> [Your objective]: In the listing that follows, retype every line from the first through the one containing "2018 General Election". Pictures are to be left out.

> [Source data]:
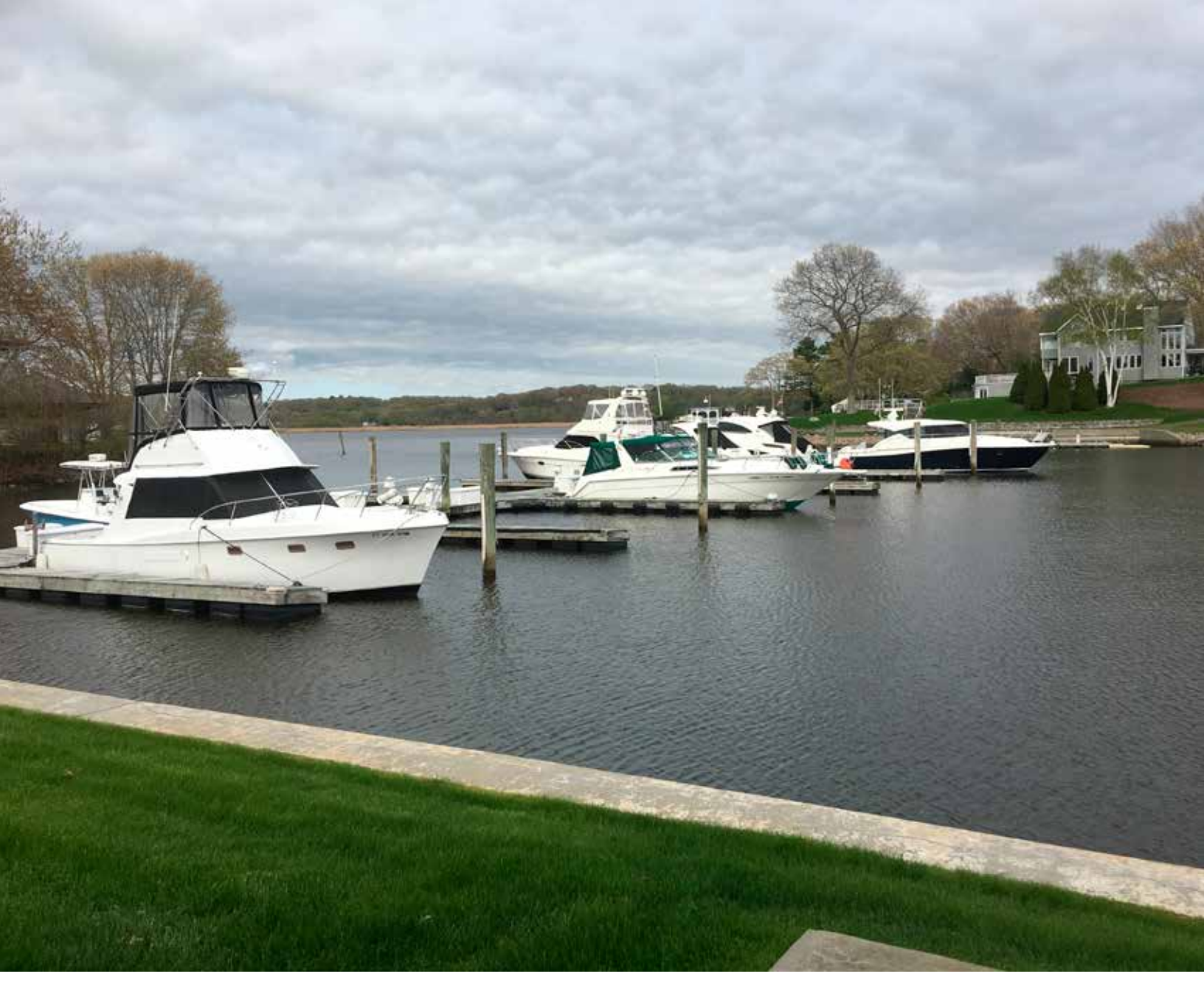
SUMMER'S COMING: Boats docked in Deep River await prepping by their owners for the season ahead.

"My grandfathers, both of them, were fishermen, so we'd always go to Scituate, Massachusetts, and go fishing," he says. "I always had a love for boats. It's never, ever stopped."
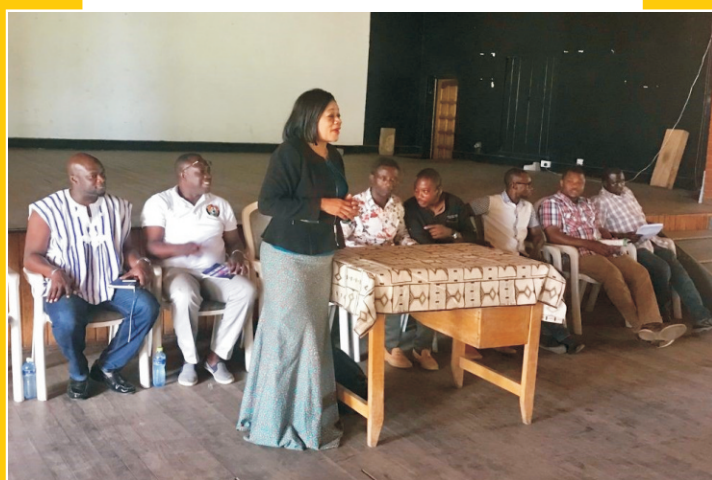
Meeting with Arts and Craft dealers
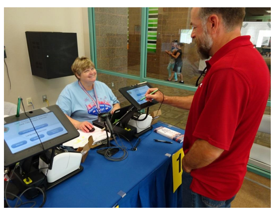
2018 General Election Day Tuesday, November 6, 2018 – 7:00 a.m. to 7:00 p.m.

Candidates who receive the most votes in a General Election are elected to office. If you already voted during the General Early Voting election cycle, you do not need to vote on Election Day. Attempting to vote twice is a felony. You may vote for all offices and questions on the ballot for your precinct, regardless of your party affiliation. The contests applicable to your precinct will appear in the order you will see them on your actual ballot. In General Elections, ballot questions for which you are eligible to vote will also be included.
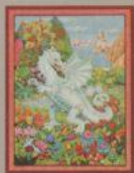
PZL4172 The Land of Dragons
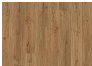
Sumava - Click 6 mm Impression
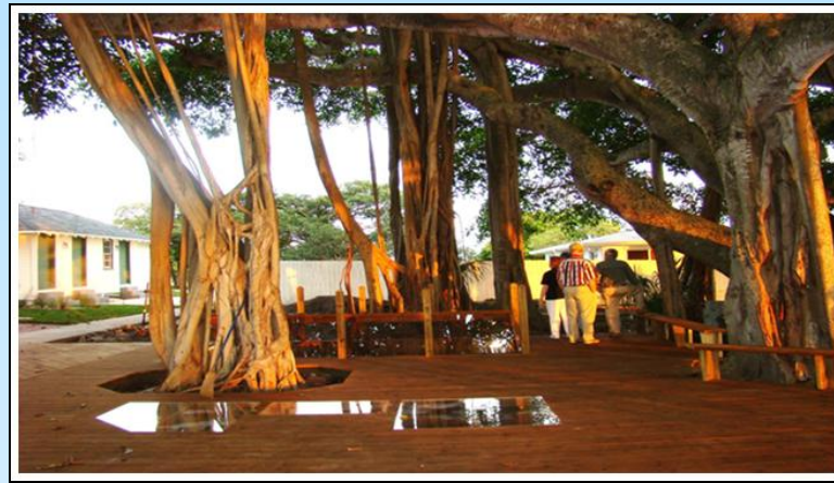
Excavation and Interpretation of the original 1860 Keeper's house
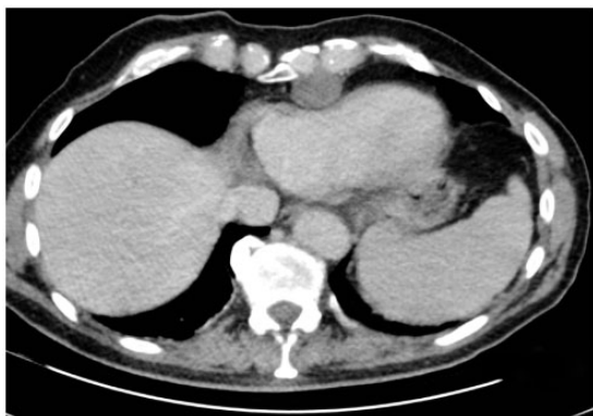
Fig. 1. Second CT scan of the chondrosarcoma. Tumor makes a slight compression of the heart.
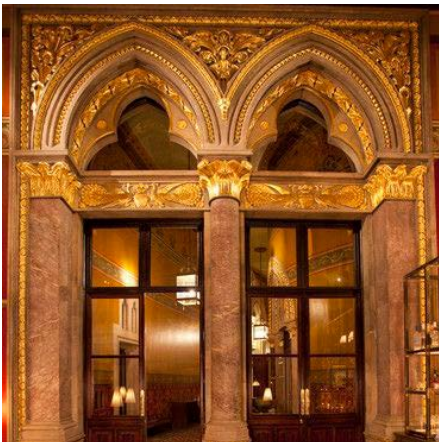
The Gilbert Scott Restaurant Entrance
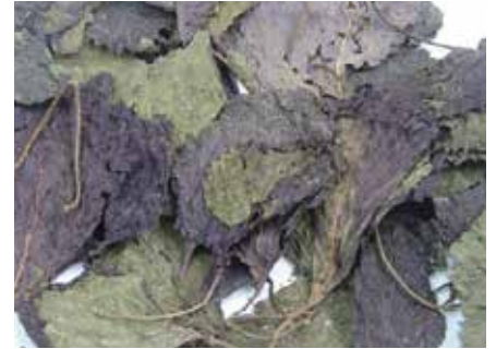
Zi Su Ye
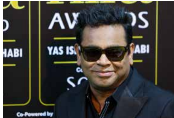
Bollywood music composer/singer AR Rahman.
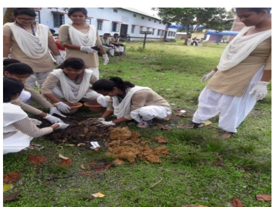
Plantation Drive in and around the campus
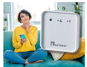
Smart home gateway
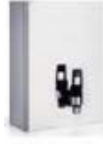
Hot Water Boiler
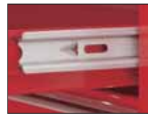
Smooth-Action Compound Slides
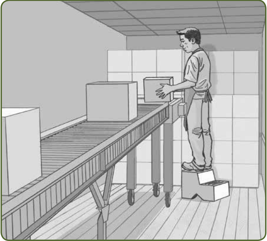
Figure 2 shows an example of a height-adjustable conveyor. With this type of conveyor, one person can do what two or more individuals normally do in unloading a trailer. Height adjustable conveyors can also reduce extreme bending and allow the boxes to be placed on the conveyors rather than dropped which could damage the container and/or contents. A sturdy step stool or platform is needed to reach the top levels of the interior of the trailer, which range from 7.5 feet (2.3 m) to 9.0 feet (2.7 m) high.
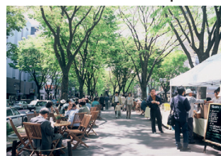
Jozenji-dori Avenue Development Council
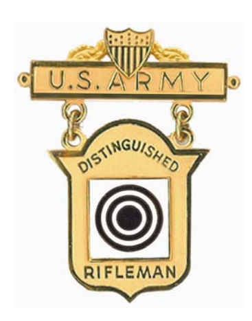
U.S. Army Distinguished Badge 1959 - Present

remember that the 1905 Colt was one of the initial contenders for consideration as the new service weapon prior to John Browning's final refinements. It is at least possible that the artwork for the new E-I-C badge was accomplished prior to final decision of the Ordnance Folks on which new pistol was to receive the nod. Considering the fair resemblance of the 1905 to the M1911, they may simply have decided to leave well enough alone. This is of course, simply speculation, but the pistols on the Marine Corps Leg Medals very closely resemble the 1905 Colt.
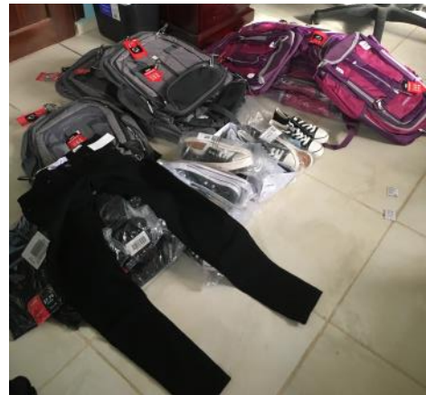
Blessing of School Clothes and Backpacks

There are still many fun teams and activities prepared for this summer. We ask for your prayers for those teams. We also ask for your prayers for the remaining funds needed for the remaining shoes, uniforms and supplies that still need to be purchased. We also need some more funding for a few other things that need to cover at the beginning of the school year such as work-books for our kids and a government required accident insurance. We would also like to find $50 per month sponsors to help us cover some of the monthly school expenses that we have. If covering any of these needs is something to you would like to be involved with, please contact our main office at 503-427-0258 or office@h2hcv.org .
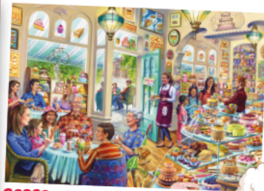
G6363 - Grandma's Treat 1000pcs - £15.00
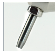
DENTO-PREP™ Spray Tip

DENTO-PREP™ is covered by a 1-year material and construction guarantee with the exception of the spray tip. DENTO-PREP is engraved with a 10-digit serial number of which the first 4 digits indicates year and month: YYMM.
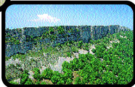
Rocks on Mount Vallegrull

Prehistoric man likewise left the occasional trace of his life, both in caves and in the shape of megalithic monuments (the tumulus of San Lorenzo, the monolith on Mount Lerón). The Roman period is likewise present with the remains of a road, and some lovely medieval paintings in Ribera church. The harsh living conditions of the area have left their mark on the ruined walls of the now uninhabited villages of Ribera and Villamardones.
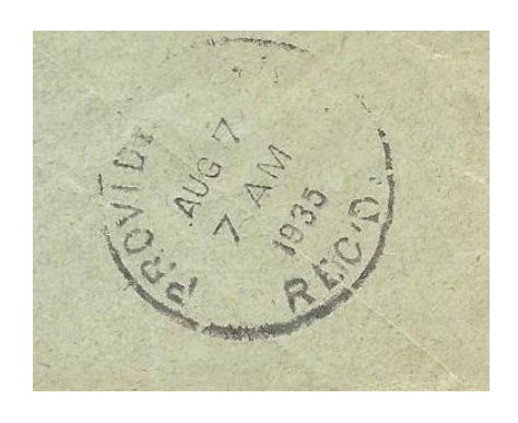
Figure 2. Providence, RI rec. mark

evidenced by the N. Y. Paquebot duplex handstamp. The British stamp was actually a requirement since this all began on a British-flag vessel, either the Cunard White Star liner "Majestic" or the Cunard White
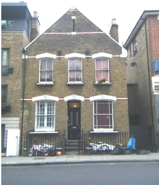
Appendix 2.1: Front Elevation
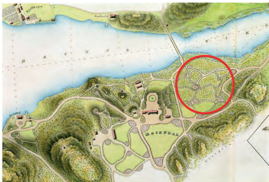
Figure 5a: A historic map from 1834. The red ring highlights the location of the Pleasure ground. Map from the Land Survey.

responded with their placement on the 1834 map (figures 5a and b).
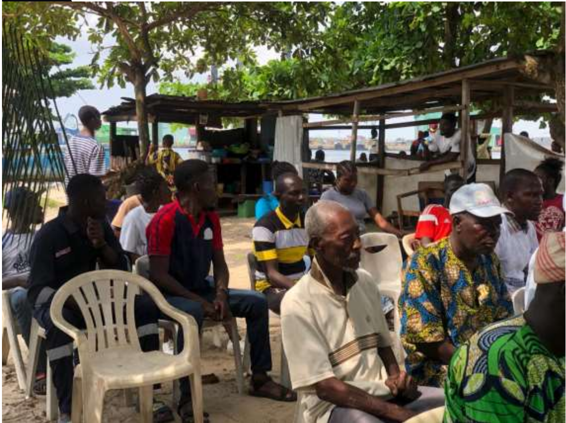
MEMBERS OF THE COMMUNITY DURING THE CHAT SESSION
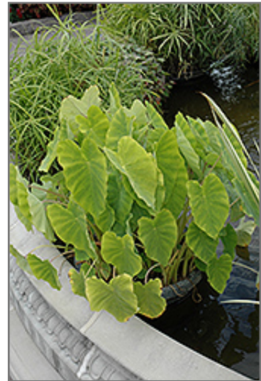
Elephant Ear

This plant does best in full sun to partial shade. It is quite adaptable, preferring to grow in average to wet conditions, and will even tolerate some standing water. It may require supplemental watering during periods of drought or extended heat. It is not particular as to soil pH, but grows best in rich soils. It is somewhat tolerant of urban pollution. This species is not originally from North America. It can be propagated by division.
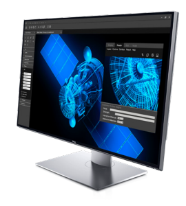
DELL ULTRASHARP 32 8K MONITOR | UP3218K

*CalMAN license required, sold separately
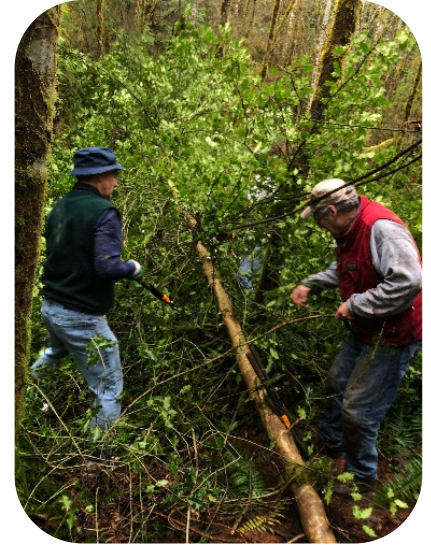
Volunteers remove a large holly during a Work Party.
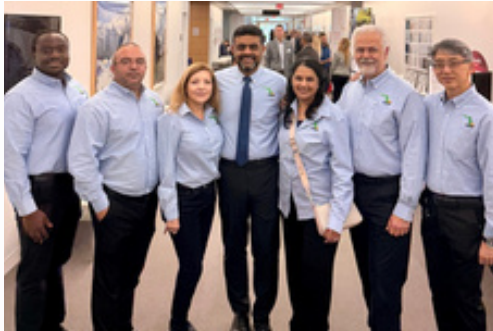
SESHP OFFICERS 2026

The Best in its Class Together, we set the benchmark.
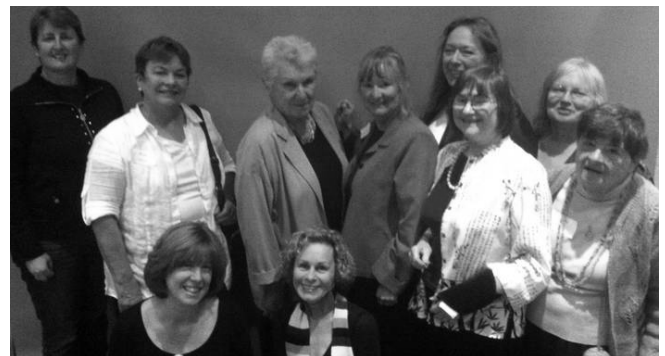
Hard working League board members end their terms at Annual Meeting.
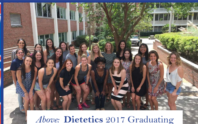
Above: Dietetics 2017 Graduating Class; Below: Food Science College Bowl Team in Clemson, SC
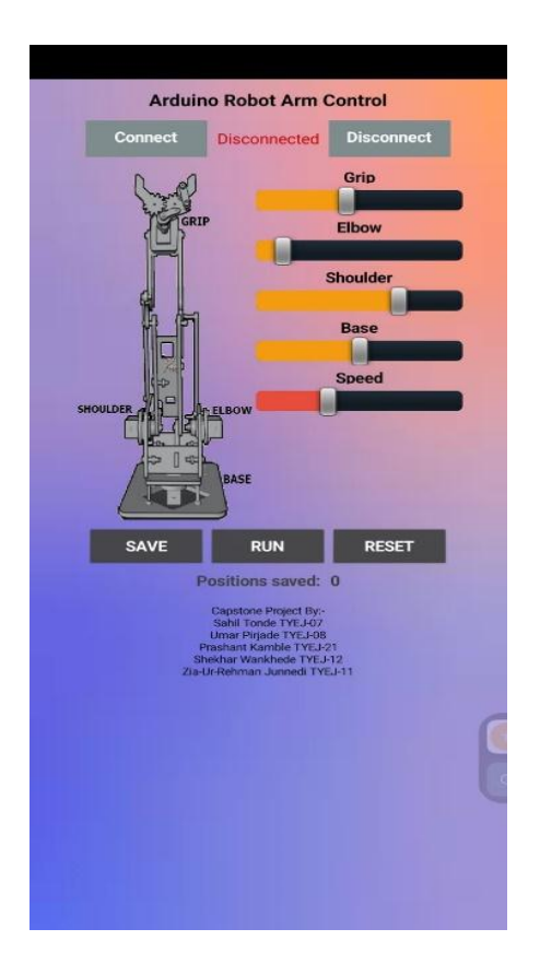
Fig -9: Control App Bluetooth Integrated

D. Running the robotic arm with complete configurations:
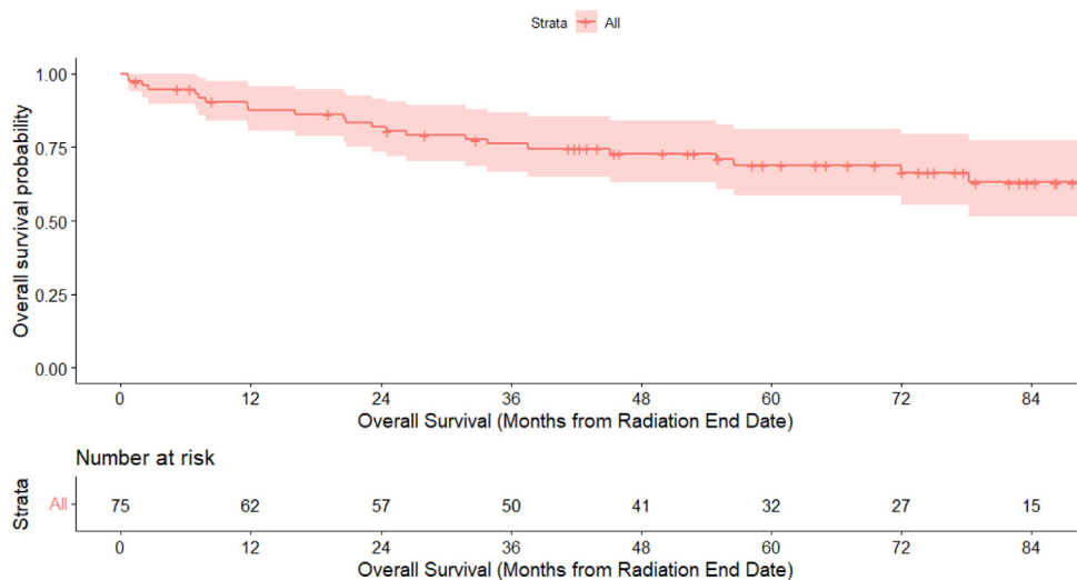
Figure 3 Overall survival curve for 75 patients with HIV and anal cancer treated with definitive chemotherapy and radiation therapy.

> [Exercise response]:
SUMMER'S COMING: Boats docked in Deep River await prepping by their owners for the season ahead.

"My grandfathers, both of them, were fishermen, so we'd always go to Scituate, Massachusetts, and go fishing," he says. "I always had a love for boats. It's never, ever stopped."
Meeting with Arts and Craft dealers
2018 General Election Day Tuesday, November 6, 2018 – 7:00 a.m. to 7:00 p.m.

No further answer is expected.